Felda Global Ventures Holdings Bhd. (FGV), the world’s third-biggest oil palm planter, jumped more than 16 percent in its Kuala Lumpur debut, after raising $3.3 billion in the biggest initial public offering since Facebook (FB) Inc.
That was the best first day of all initial public offerings above $500 million globally this year, according to data compiled by Bloomberg. The stock surged to as high as 5.46 ringgit ($1.71), before paring gains to close at 5.30 ringgit.
“Foreign investors haven’t been allocated sufficient shares,” said Alan Richardson, who helps oversee about $87 billion as a money manager at Samsung Asset Management Co. in Singapore. “An over-demand situation is likely.”
Demand from institutions exceeded supply by more than 40 times during the IPO, Felda Chief Executive Officer Sabri Ahmad said in an interview on June 20. The plantations group priced the stock below the top of its indicative range, unlike Facebook which has slumped since its May debut.
State-controlled Felda could have received more than 4.55 ringgit per share from institutions, though decided not to after allocating 90 percent of the available stock to Malaysian subscribers, Sabri said. “We wanted to put something on the table for them to enjoy,” he said.
With a market capitalization of 19.3 billion ringgit, Felda will qualify to join the 30-member FTSE Bursa Malaysia KLCI Index.
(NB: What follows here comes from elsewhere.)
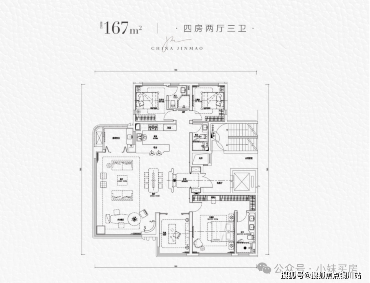 金茂樾满晴川建面约167平户型,完美贴合这一点,也难怪如此火爆了!

The benchmark closed 0.5 percent lower today.
Funds that track the gauge would be obliged to buy the shares in the open market if they failed to get allocation during the initial sale.
Resilient Market
“People who didn’t get the shares want to,” said Abdul Jalil Abdul Rasheed, who helps manage $3 billion as chief executive officer of Aberdeen Islamic Asset Management Sdn. in Kuala Lumpur.
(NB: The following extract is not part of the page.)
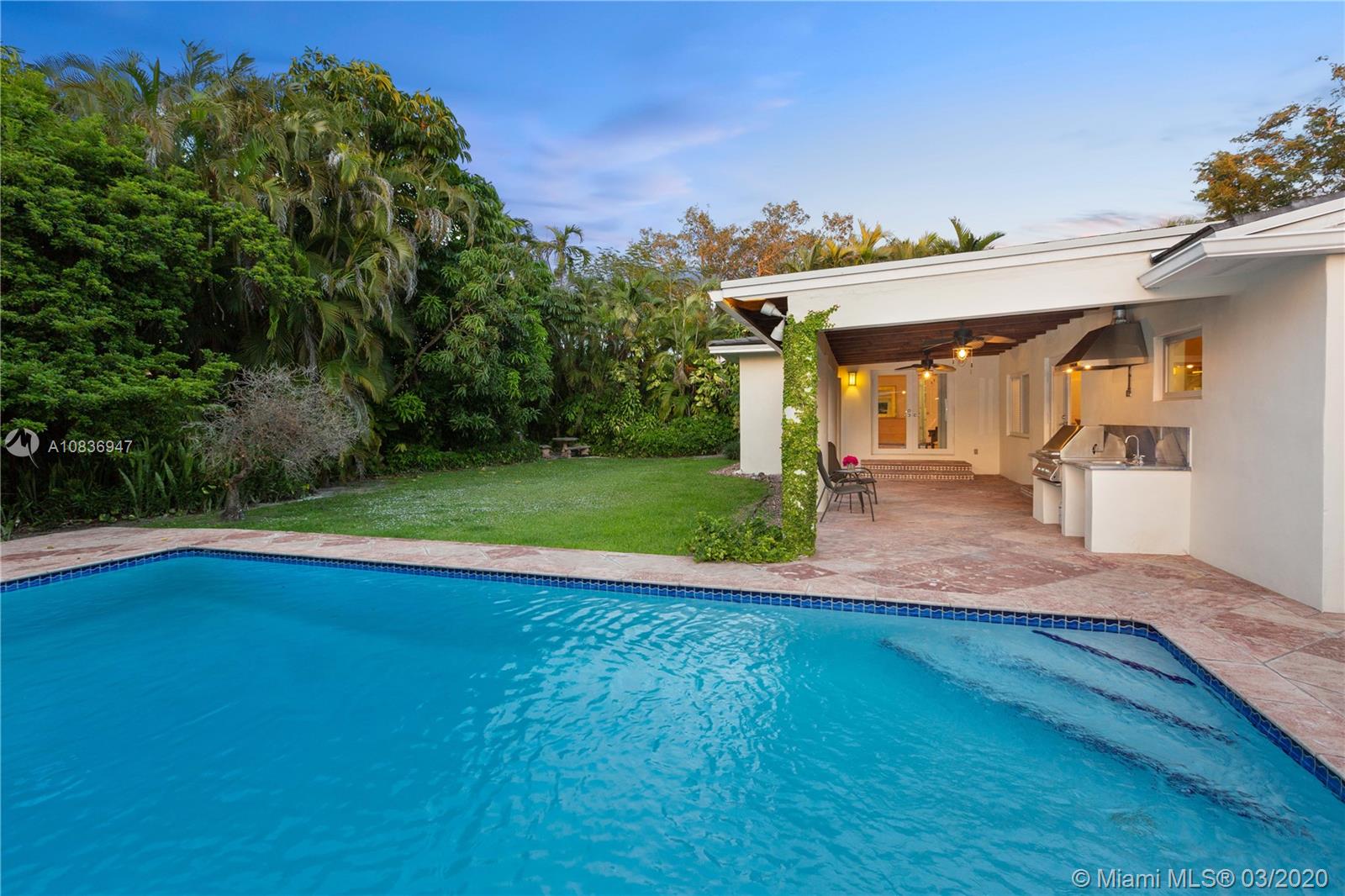 Nestled in one of the Gables beautiful tree lined streets and desired neighborhood, this 4-bedroom, 4-bath home is a beautiful South Gables sanctuary. Set on a 12,500 sq.ft. lot, it has a large kitchen with a generous work station that could be converted to a breakfast nook. It boasts a large master suite and en suite. It has impact windows and doors, beautiful wood floors complemented by Terracotta floors in the dining room... it has a large back yard with a generous, newly refinished pool and private covered patio and BBQ area, a two car garage and a beautifully landscaped entrance. 5 minutes to Downtown Coconut Grove, South Miami and Merrick Park. This is a great place to live

Malaysia has withstood a global stocks sell-off brought on by Europe’s debt crisis, which has seen at least $12.3 billion of first-time sales scrapped or delayed globally since the start of this year, according to data compiled by Bloomberg.
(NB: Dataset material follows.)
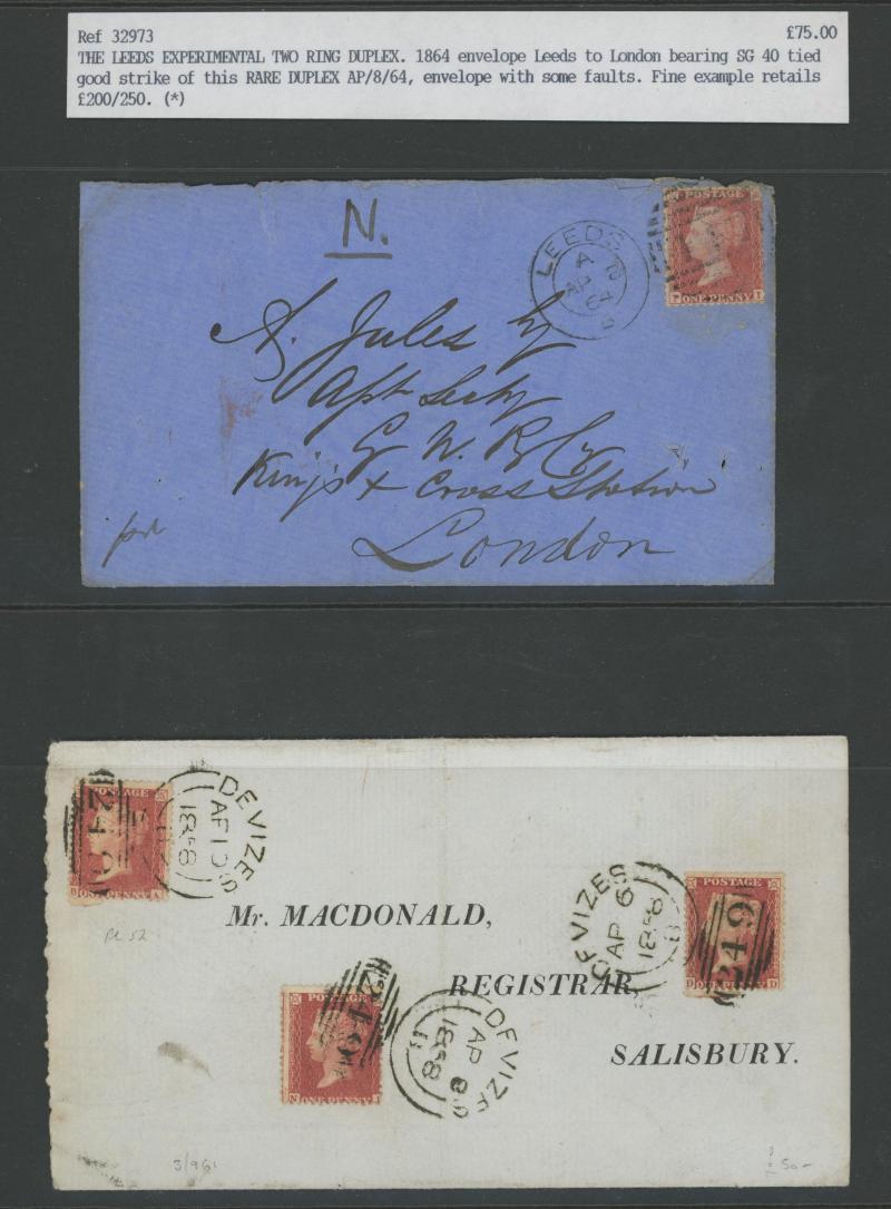 Receiving House 'DUKE STREET' multiple strikes on 1d horizontal strip of 4, Leeds 1864 double-ring duplex, 'Spoon' duplexes of Bristol, Birmingham x2 (one sideways) & Hull x2 (one sideways), etc, condition a little variable with some file folds &

The KLCI index touched an intraday record this week, after foreign funds were net buyers of shares for an eighth straight month in May, according to the stock exchange’s website. Felda Global is ranked the equivalent of buy with an average price target of 5.53 ringgit by four brokerages surveyed by Bloomberg, including Public Investment Bank Bhd.
“The food business is quite resilient to recession,” said Sabri in Kuala Lumpur. “As long as China and India keep on buying oils and fats, the demand is there. The debt crisis shouldn’t have a big impact.”
Cornerstone Investors
State funds including Permodalan Nasional Bhd., Lembaga Tabung Haji and the Employees Provident Fund Board were among so-called cornerstone investors for its share sale.
“The strength of the Malaysian IPO market is that you have a lot of domestic liquidity, which ensures that real demand cannot fully be satisfied,” said Samsung Asset’s Richardson.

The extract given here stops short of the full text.